My mother died exactly a week after her 79th birthday, and ever since, her birth and her death have been linked together for me in a weird existential equation. We Jews are good at commemorating death, having centuries of practice, and I know what to do when that anniversary rolls around: Stand up in synagogue and recite the mourner’s prayer, much as I did every day for nearly a year after she died.
But what about her birth, her life?
“Let’s go out for dessert on her birthday, something chocolate and decadent,” my sister suggested that first year.
My mother certainly would have approved. Her love of chocolate was boundless. It may well have been born of the deprivation she endured as a young girl growing up in England during World War II, when food was severely rationed and sweets of any sort, especially her beloved Cadbury chocolates, were a rare treat.
Whatever the source, this love was as central to her personality as were her natural exuberance and her uncanny ability to make friends anywhere (including in the hospital recovery room, after giving birth to my sister). My mother was as optimistic and restlessly ambitious as any immigrant to America, but she also was frugal and suspicious that her good fortune could end in a snap.

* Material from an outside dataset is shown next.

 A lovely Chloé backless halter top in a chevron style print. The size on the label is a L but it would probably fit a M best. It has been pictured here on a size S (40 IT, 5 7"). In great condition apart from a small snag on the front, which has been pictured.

So we were taught at an early age to eat a piece of fancy chocolate with slow, careful nibbles, savoring each bite, stretching out its lifespan as long as possible, and would react with horror when my father or someone else would pop it in his mouth and swallow it whole. Such a desecration!

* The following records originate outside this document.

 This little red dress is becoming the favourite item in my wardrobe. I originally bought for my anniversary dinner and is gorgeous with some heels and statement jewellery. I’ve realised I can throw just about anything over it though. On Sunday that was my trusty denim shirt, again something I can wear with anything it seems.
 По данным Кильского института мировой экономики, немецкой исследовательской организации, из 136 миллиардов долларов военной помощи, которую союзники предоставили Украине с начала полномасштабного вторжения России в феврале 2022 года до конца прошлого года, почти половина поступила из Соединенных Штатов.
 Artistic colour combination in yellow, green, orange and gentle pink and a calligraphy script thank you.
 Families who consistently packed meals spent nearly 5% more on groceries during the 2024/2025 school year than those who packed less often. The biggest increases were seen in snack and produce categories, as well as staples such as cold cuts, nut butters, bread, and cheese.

And we learned early on where my mother kept her special stash of homemade chocolate goodies — plump cookies, crunchy mandelbrot — and we’d pilfer a piece or two when we hoped she didn’t notice.
I must have talked so much about my mother’s chocolate obsession that when the man who became my husband first visited the family while we were both in college, he knew to bring a box of Godiva. So pleased was my mother with this gift that, even though I was barely 18 years old, she seemed ready to sign the ketubah right then and there.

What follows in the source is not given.